Na Itália, conhecida como o país da ruína por excelência, Boito apresenta uma alternativa notável às abordagens de Viollet-le-Duc e John Ruskin. Seus preceitos, divulgados principalmente na conferência "Os Restauradores", realizada em Turim por volta de 1884, concentram-se nas operações de restauro de esculturas e pinturas.
Os pontos fundamentais de sua teoria, mencionados na conferência, incluem a ênfase na diferença de estilo entre o novo e o antigo, a variação nos materiais de construção, a supressão de ornamentos desnecessários, a exposição dos elementos perturbados próximo ao monumento, a marcação convencional ou gravada com a data do restauro, a inscrição explicativa no monumento restaurado, descrições e fotografias das diversas fases da obra no mesmo edifício ou proximidades, a publicação de trabalhos, e a busca por notoriedade.

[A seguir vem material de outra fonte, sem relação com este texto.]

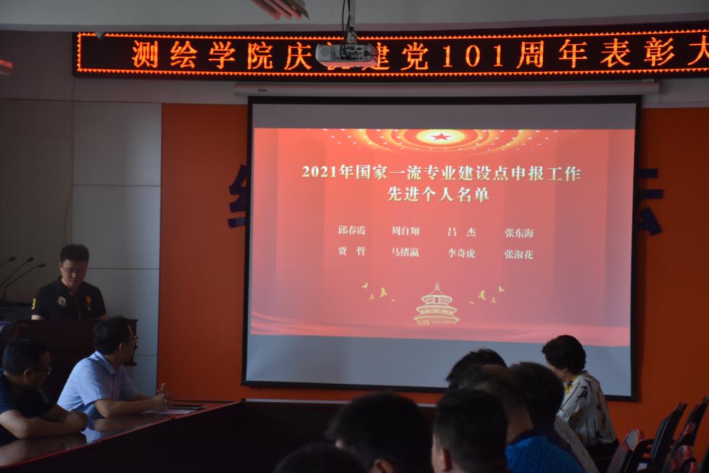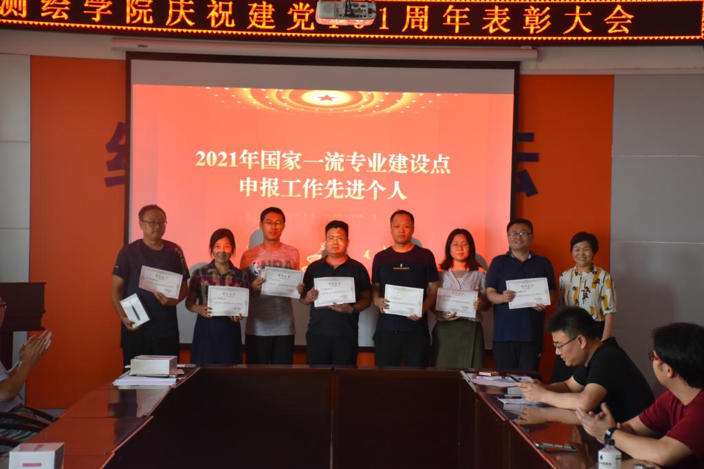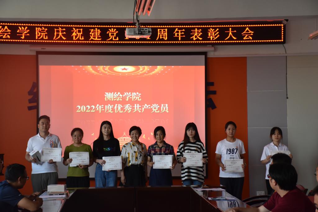 首先在党委书记殷屈娟同志的带领下,参会党员面向党旗重温入党誓词。党委副书记贾哲、副院长李朋飞先后宣读了学院党委的表彰决定,授予武继峰等21名同志“优秀共产党员”称号;授予吴啸龙等4名同志“优秀党务工作者”称号;授予史晓亮等20名同志为使用“学习强国”学习平台学习先进个人荣誉称号;授予邱春霞等8名同志“2021年国家一流专业建设点申报工作先进个人”荣誉称号。学院党委书记殷屈娟为获得表彰的先进个人颁发了荣誉证书并合影留念。
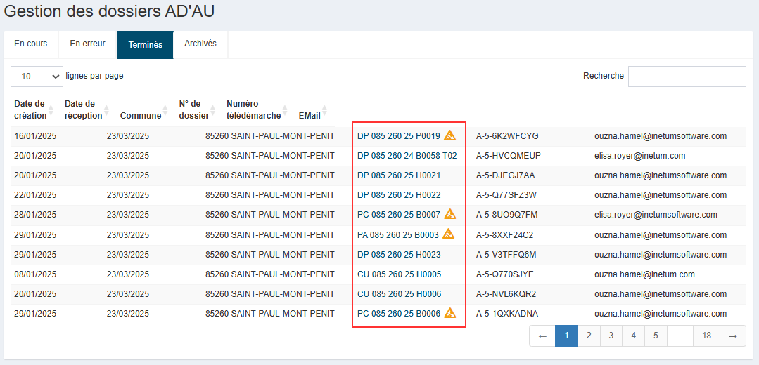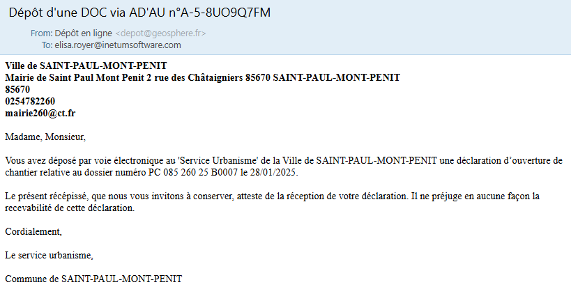 •Notification par courriel (Reporting - Récapitulatif dépôts en ligne) - [Amélioration] - version 5.5.1 : suppression du courriel récapitulatif listant les dossiers entrants via AD'AU par commune. |

Pela primeira vez, Boito propõe uma tentativa de legislação regulamentadora para a prática da restauração, marcando uma mudança significativa em relação ao intervencionismo livre de Le-Duc e à contemplação religiosa de Ruskin. As leis de Boito representam uma abordagem mais estruturada e consciente para preservar o patrimônio artístico, destacando-se como uma inovação crucial no campo da restauração.
Diversidade de ideias
As diversas visões de Viollet-le-Duc, John Ruskin e Camillo Boito oferecem um mosaico de abordagens para a conservação do patrimônio arquitetônico. Com Viollet-le-Duc priorizando o restauro estilístico, Ruskin valorizando a autenticidade histórica e Boito advogando por uma restauração científica e consciente, o cenário da conservação arquitetônica é enriquecido com uma diversidade de ideias e princípios.
Que ao explorar essas perspectivas variadas, possamos aprimorar nosso entendimento sobre a preservação do patrimônio arquitetônico, conciliando a autenticidade histórica com as necessidades contemporâneas e futuras.